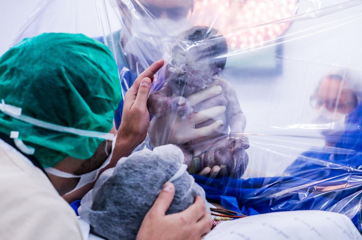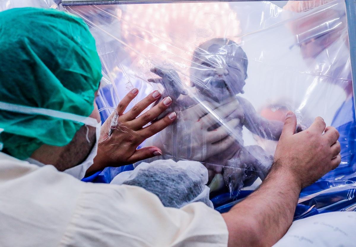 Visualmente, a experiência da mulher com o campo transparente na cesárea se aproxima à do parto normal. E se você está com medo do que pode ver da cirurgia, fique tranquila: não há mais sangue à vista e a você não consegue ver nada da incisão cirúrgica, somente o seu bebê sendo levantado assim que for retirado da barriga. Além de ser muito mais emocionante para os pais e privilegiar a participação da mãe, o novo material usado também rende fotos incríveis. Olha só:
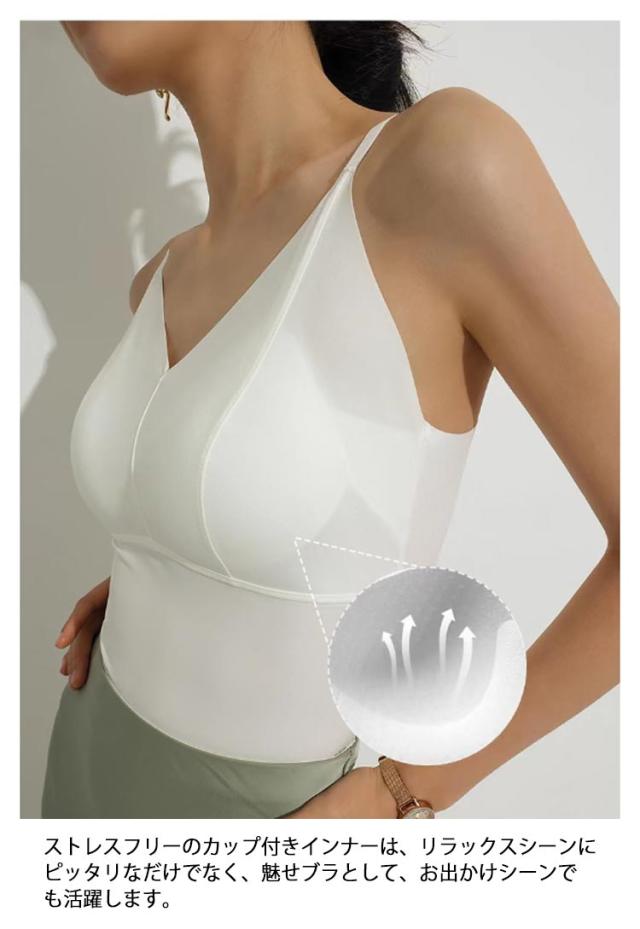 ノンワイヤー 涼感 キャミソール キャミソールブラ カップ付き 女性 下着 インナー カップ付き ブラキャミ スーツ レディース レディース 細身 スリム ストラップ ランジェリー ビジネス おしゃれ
* * *
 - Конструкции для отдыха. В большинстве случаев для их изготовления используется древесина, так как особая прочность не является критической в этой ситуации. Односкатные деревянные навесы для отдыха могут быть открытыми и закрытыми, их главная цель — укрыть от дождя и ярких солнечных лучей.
==
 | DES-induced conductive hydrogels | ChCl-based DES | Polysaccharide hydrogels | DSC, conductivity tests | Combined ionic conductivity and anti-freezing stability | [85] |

> **Task goal**
Leaving pictures out, output the lines of the data above from the one with "Visualmente, a experiência" through the one with "ノンワイヤー 涼感 キャミソール", word for word.

> **Exercise output**
 Visualmente, a experiência da mulher com o campo transparente na cesárea se aproxima à do parto normal. E se você está com medo do que pode ver da cirurgia, fique tranquila: não há mais sangue à vista e a você não consegue ver nada da incisão cirúrgica, somente o seu bebê sendo levantado assim que for retirado da barriga. Além de ser muito mais emocionante para os pais e privilegiar a participação da mãe, o novo material usado também rende fotos incríveis. Olha só:
 ノンワイヤー 涼感 キャミソール キャミソールブラ カップ付き 女性 下着 インナー カップ付き ブラキャミ スーツ レディース レディース 細身 スリム ストラップ ランジェリー ビジネス おしゃれ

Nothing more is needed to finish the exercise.